■ Task prompt ■
Word for word, restate the lines from the one holding "Stainless steel case" through the last line of the material below, and leave every picture out.

■ Information provided ■
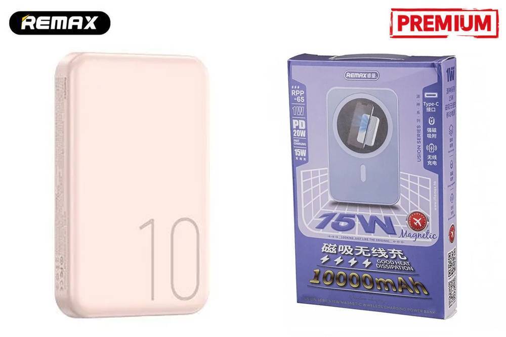 Универсальный дополнительный аккумулятор Power Bank REMAX RPP-65 usion 15W magnetic wireless (10000 mAh) (Розовый) Универсальный дополнительный аккумулятор Power Bank REMAX RPP-65 usion 15W magnetic wireless (10000 mAh) (Розовый)
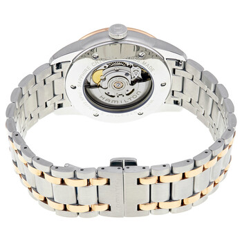 Stainless steel case with a two-tone (silver and rose gold-plated) stainless steel bracelet. Fixed rose gold-plated bezel. Silver dial with rose gold-tone hands and index hour markers. Minute markers. Arabic numeral minute markers (at 5 minute intervals) around the outer rim. Dial Type: Analog. Date display at the 3 o'clock position. Small seconds sub-dial at the 8 o'clock position. Automatic movement with a 42-hour power reserve. Scratch resistant sapphire crystal. Skeleton case back. Case diameter: 42 mm. Case thickness: 13.25 mm. Round case shape. Band width: 22 mm. Deployment clasp. Water resistant at 100 meters / 330 feet. Functions: date, hour, minute, second. Dress watch style. Watch label: Swiss Made. Hamilton Railroad Small Second Silver Dial Two-tone Steel Men's Watch H40525151.
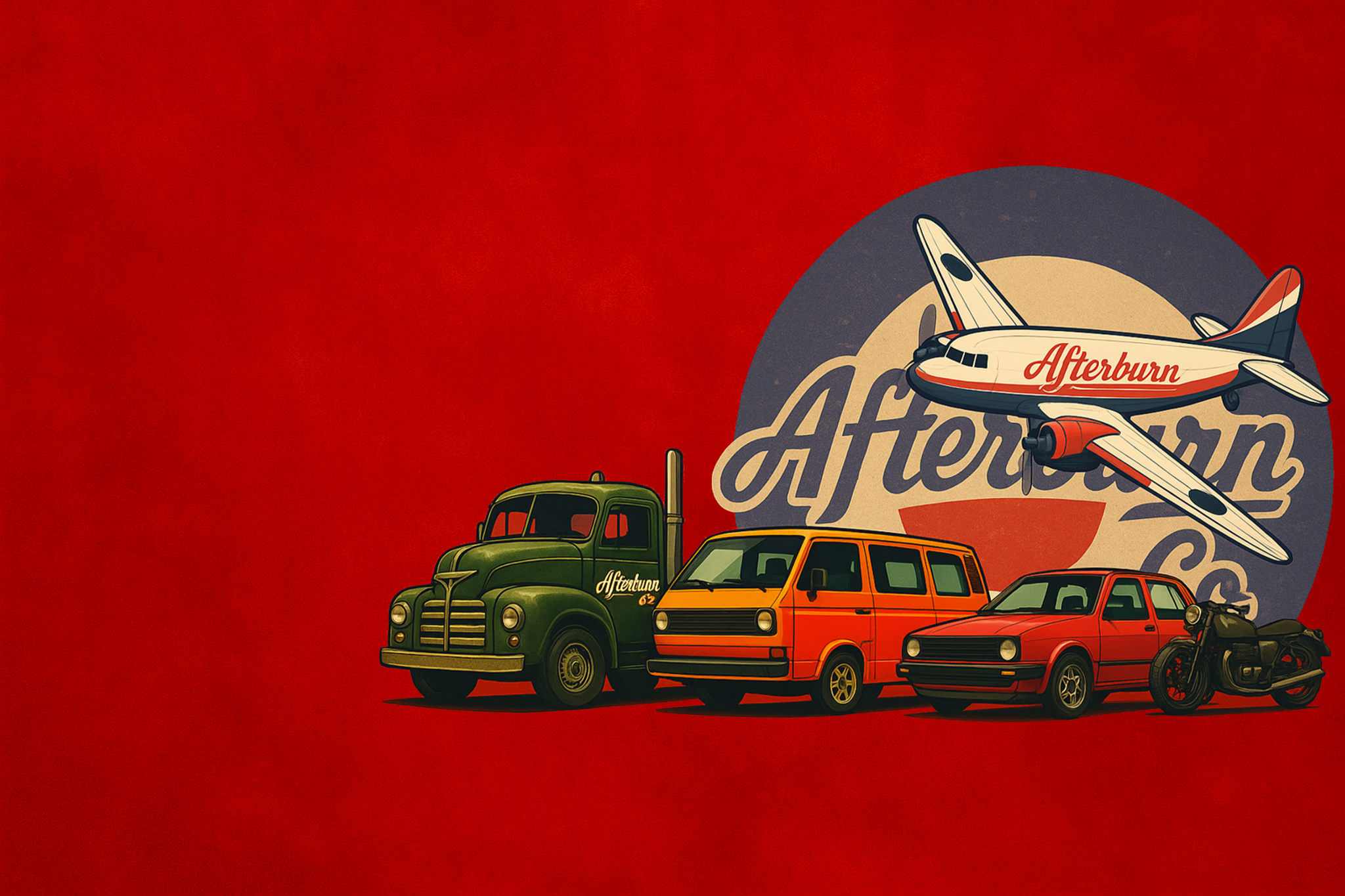 From vintage horsepower to air-cooled icons, every Afterburn Co. tee and hoodie captures the soul of motion — cars, bikes, vans, and aircraft drawn in bold, retro-modern style. Designed for those who crave speed, craftsmanship, and stories behind the machines.
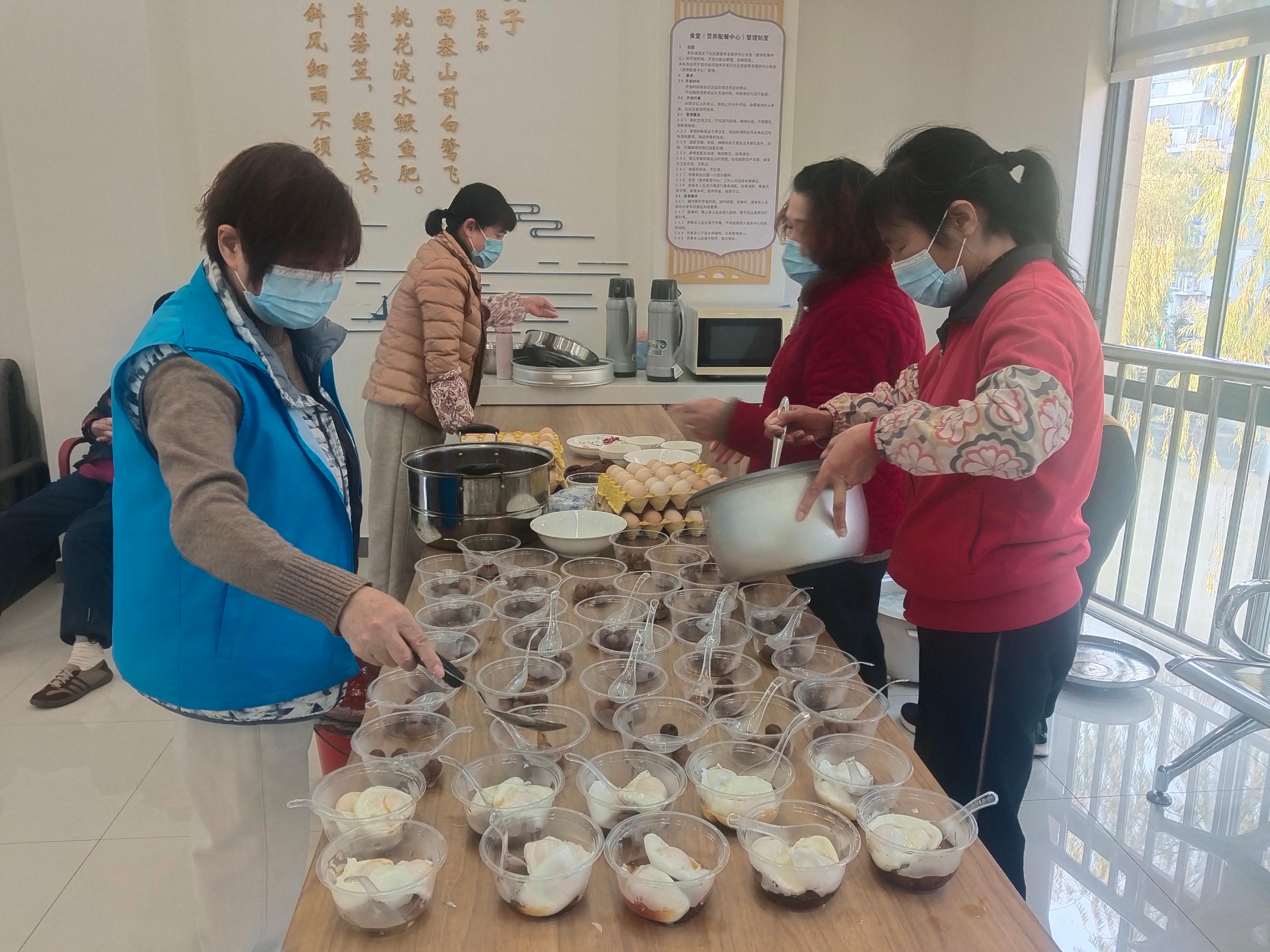 活动伊始,阵阵甜香便已弥漫在整个活动室。社区工作人员正精心熬制着老人们惦念的传统冬日暖品——桂圆煮蛋。颗颗桂圆在清水中慢煨,释放出琥珀色的润泽,再打入新鲜土鸡蛋形成嫩滑蛋花,一碗碗热气腾腾、甜润暖身的桂圆煮蛋陆续出锅。

■ Your solution ■
 Stainless steel case with a two-tone (silver and rose gold-plated) stainless steel bracelet. Fixed rose gold-plated bezel. Silver dial with rose gold-tone hands and index hour markers. Minute markers. Arabic numeral minute markers (at 5 minute intervals) around the outer rim. Dial Type: Analog. Date display at the 3 o'clock position. Small seconds sub-dial at the 8 o'clock position. Automatic movement with a 42-hour power reserve. Scratch resistant sapphire crystal. Skeleton case back. Case diameter: 42 mm. Case thickness: 13.25 mm. Round case shape. Band width: 22 mm. Deployment clasp. Water resistant at 100 meters / 330 feet. Functions: date, hour, minute, second. Dress watch style. Watch label: Swiss Made. Hamilton Railroad Small Second Silver Dial Two-tone Steel Men's Watch H40525151.
 From vintage horsepower to air-cooled icons, every Afterburn Co. tee and hoodie captures the soul of motion — cars, bikes, vans, and aircraft drawn in bold, retro-modern style. Designed for those who crave speed, craftsmanship, and stories behind the machines.
 活动伊始,阵阵甜香便已弥漫在整个活动室。社区工作人员正精心熬制着老人们惦念的传统冬日暖品——桂圆煮蛋。颗颗桂圆在清水中慢煨,释放出琥珀色的润泽,再打入新鲜土鸡蛋形成嫩滑蛋花,一碗碗热气腾腾、甜润暖身的桂圆煮蛋陆续出锅。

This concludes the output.